For what it’s worth, the assembly shows that const_range is completely unrolled, while var_range is a for loop:
julia> @code_native debuginfo=:none const_range(a1, a2, b)
.text
movq %rsi, -8(%rsp)
movq (%rsi), %rax
movq 8(%rsi), %rcx
movq 16(%rsi), %rsi
movq (%rax), %rax
movq (%rcx), %rdx
movq (%rsi), %rcx
movq (%rdx), %rsi
imulq (%rax), %rsi
movq %rsi, (%rcx)
movq 8(%rdx), %rsi
imulq 8(%rax), %rsi
movq %rsi, 8(%rcx)
movq 16(%rdx), %rsi
imulq 16(%rax), %rsi
movq %rsi, 16(%rcx)
movq 24(%rdx), %rsi
imulq 24(%rax), %rsi
movq %rsi, 24(%rcx)
movq 32(%rdx), %rsi
imulq 32(%rax), %rsi
movq %rsi, 32(%rcx)
movq 40(%rdx), %rsi
imulq 40(%rax), %rsi
movq %rsi, 40(%rcx)
movq 48(%rdx), %rsi
imulq 48(%rax), %rsi
movq %rsi, 48(%rcx)
movq 56(%rdx), %rsi
imulq 56(%rax), %rsi
movq %rsi, 56(%rcx)
movq 64(%rdx), %rsi
imulq 64(%rax), %rsi
movq %rsi, 64(%rcx)
movq 72(%rdx), %rdx
imulq 72(%rax), %rdx
movq %rdx, 72(%rcx)
movabsq $jl_system_image_data, %rax
retq
julia> @code_native debuginfo=:none var_range(a1, a2, b, 10)
.text
pushq %rbx
testq %rcx, %rcx
jle L246
movq (%rdi), %r9
movq (%rsi), %rsi
movq (%rdx), %rdx
movl $1, %edi
cmpq $32, %rcx
jb L219
leaq (%rdx,%rcx,8), %rax
leaq (%r9,%rcx,8), %r8
leaq (%rsi,%rcx,8), %r10
cmpq %r8, %rdx
setb %r11b
cmpq %rax, %r9
setb %bl
cmpq %r10, %rdx
setb %r10b
cmpq %rax, %rsi
setb %r8b
testb %bl, %r11b
jne L219
andb %r8b, %r10b
jne L219
movq %rcx, %r8
andq $-32, %r8
leaq 1(%r8), %rdi
xorl %eax, %eax
nopl (%rax,%rax)
L112:
vmovdqu64 (%rsi,%rax,8), %zmm0
vmovdqu64 64(%rsi,%rax,8), %zmm1
vmovdqu64 128(%rsi,%rax,8), %zmm2
vmovdqu64 192(%rsi,%rax,8), %zmm3
vpmullq (%r9,%rax,8), %zmm0, %zmm0
vpmullq 64(%r9,%rax,8), %zmm1, %zmm1
vpmullq 128(%r9,%rax,8), %zmm2, %zmm2
vpmullq 192(%r9,%rax,8), %zmm3, %zmm3
vmovdqu64 %zmm0, (%rdx,%rax,8)
vmovdqu64 %zmm1, 64(%rdx,%rax,8)
vmovdqu64 %zmm2, 128(%rdx,%rax,8)
vmovdqu64 %zmm3, 192(%rdx,%rax,8)
addq $32, %rax
cmpq %rax, %r8
jne L112
cmpq %rcx, %r8
je L246
L219:
addq $-1, %rdi
nop
L224:
movq (%rsi,%rdi,8), %rax
imulq (%r9,%rdi,8), %rax
movq %rax, (%rdx,%rdi,8)
addq $1, %rdi
cmpq %rdi, %rcx
jne L224
L246:
popq %rbx
vzeroupper
retq
nopl (%rax,%rax)
One last set of benchmarks I tried: repeating these in a loop. We have var range, where the function is passed a reference, var range where it is passed an integer, and finally const range. The function is called 1000 times in a loop.

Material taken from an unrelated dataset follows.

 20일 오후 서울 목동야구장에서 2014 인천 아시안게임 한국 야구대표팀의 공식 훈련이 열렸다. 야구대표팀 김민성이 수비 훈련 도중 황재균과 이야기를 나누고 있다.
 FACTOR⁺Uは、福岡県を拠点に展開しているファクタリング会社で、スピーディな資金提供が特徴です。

julia> function repeat_loop_var_range(a1, a2, b, rn)
n = rn[]
for i in 1:1000
var_range(a1, a2, b, n)
end
end
repeat_loop_var_range (generic function with 1 method)

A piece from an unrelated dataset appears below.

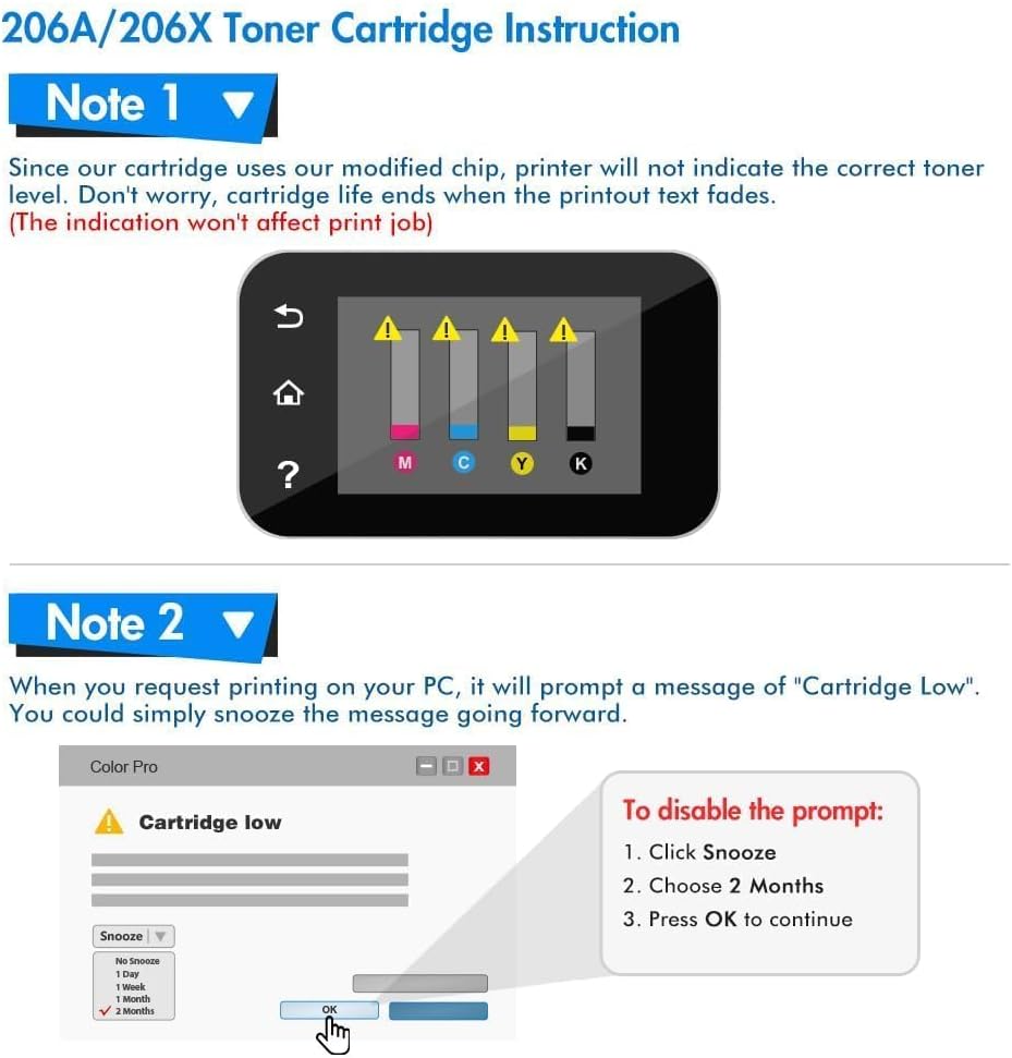 - مع رقاقة: بديل متوافق مع FIREINK لخراطيش حبر HP 206A 4 عبوات عالية الإنتاج تحتوي على الرقائق، لا حاجة لإزالتها وتثبيتها

julia> function repeat_loop_var_range2(a1, a2, b, n)
for i in 1:1000
var_range(a1, a2, b, n)
end
end
repeat_loop_var_range2 (generic function with 1 method)
julia> function repeat_loop_const_range(a1, a2, b)
for i in 1:1000
const_range(a1, a2, b)
end
end
repeat_loop_const_range (generic function with 1 method)
Results:
julia> @benchmark repeat_loop_var_range($a1, $a2, $b, $rn)
BenchmarkTools.Trial:
memory estimate: 0 bytes
allocs estimate: 0
--------------
minimum time: 4.925 μs (0.00% GC)
median time: 4.928 μs (0.00% GC)
mean time: 4.994 μs (0.00% GC)
maximum time: 9.918 μs (0.00% GC)
--------------
samples: 10000
evals/sample: 7
julia> @benchmark repeat_loop_var_range2($a1, $a2, $b, $n)
BenchmarkTools.Trial:
memory estimate: 0 bytes
allocs estimate: 0
--------------
minimum time: 3.583 μs (0.00% GC)
median time: 3.645 μs (0.00% GC)
mean time: 3.714 μs (0.00% GC)
maximum time: 75.997 μs (0.00% GC)
--------------
samples: 10000
evals/sample: 8
julia> @benchmark repeat_loop_const_range($a1, $a2, $b)
BenchmarkTools.Trial:
memory estimate: 0 bytes
allocs estimate: 0
--------------
minimum time: 2.259 μs (0.00% GC)
median time: 2.265 μs (0.00% GC)
mean time: 2.313 μs (0.00% GC)
maximum time: 4.581 μs (0.00% GC)
--------------
samples: 10000
evals/sample: 9
It definitely looks like it is optimizing on the value of n
. The assmbly for both var_range
versions was practically identical, while the runtime performance was not.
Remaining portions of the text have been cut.